● **Instructions for the task**
The number of lines holding "with" is all you should give; count them in the records below.

● **Extracted material**
____________________
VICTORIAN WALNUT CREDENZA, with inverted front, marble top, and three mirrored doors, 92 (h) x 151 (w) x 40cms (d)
____________________
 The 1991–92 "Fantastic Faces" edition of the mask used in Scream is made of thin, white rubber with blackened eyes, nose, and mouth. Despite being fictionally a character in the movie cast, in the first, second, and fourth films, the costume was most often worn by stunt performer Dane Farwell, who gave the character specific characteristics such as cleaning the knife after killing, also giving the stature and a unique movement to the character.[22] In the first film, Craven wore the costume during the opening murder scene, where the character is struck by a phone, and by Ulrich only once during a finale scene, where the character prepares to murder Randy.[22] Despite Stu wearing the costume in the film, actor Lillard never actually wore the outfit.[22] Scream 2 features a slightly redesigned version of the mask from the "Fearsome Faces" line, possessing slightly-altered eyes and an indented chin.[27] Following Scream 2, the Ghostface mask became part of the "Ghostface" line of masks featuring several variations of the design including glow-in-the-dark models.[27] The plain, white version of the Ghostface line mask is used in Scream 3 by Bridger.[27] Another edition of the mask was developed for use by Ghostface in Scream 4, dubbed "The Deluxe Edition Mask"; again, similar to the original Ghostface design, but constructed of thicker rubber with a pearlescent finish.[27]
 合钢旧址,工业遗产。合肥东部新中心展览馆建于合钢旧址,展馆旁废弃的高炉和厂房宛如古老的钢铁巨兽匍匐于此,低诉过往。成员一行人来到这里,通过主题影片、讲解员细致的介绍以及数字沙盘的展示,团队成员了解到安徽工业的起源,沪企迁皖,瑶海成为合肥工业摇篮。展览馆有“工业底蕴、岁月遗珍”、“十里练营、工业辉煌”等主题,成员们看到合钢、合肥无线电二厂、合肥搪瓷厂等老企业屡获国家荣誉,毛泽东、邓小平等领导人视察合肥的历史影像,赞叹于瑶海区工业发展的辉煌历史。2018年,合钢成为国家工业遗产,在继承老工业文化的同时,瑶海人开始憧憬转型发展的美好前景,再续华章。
____________________
● **Answer box**
2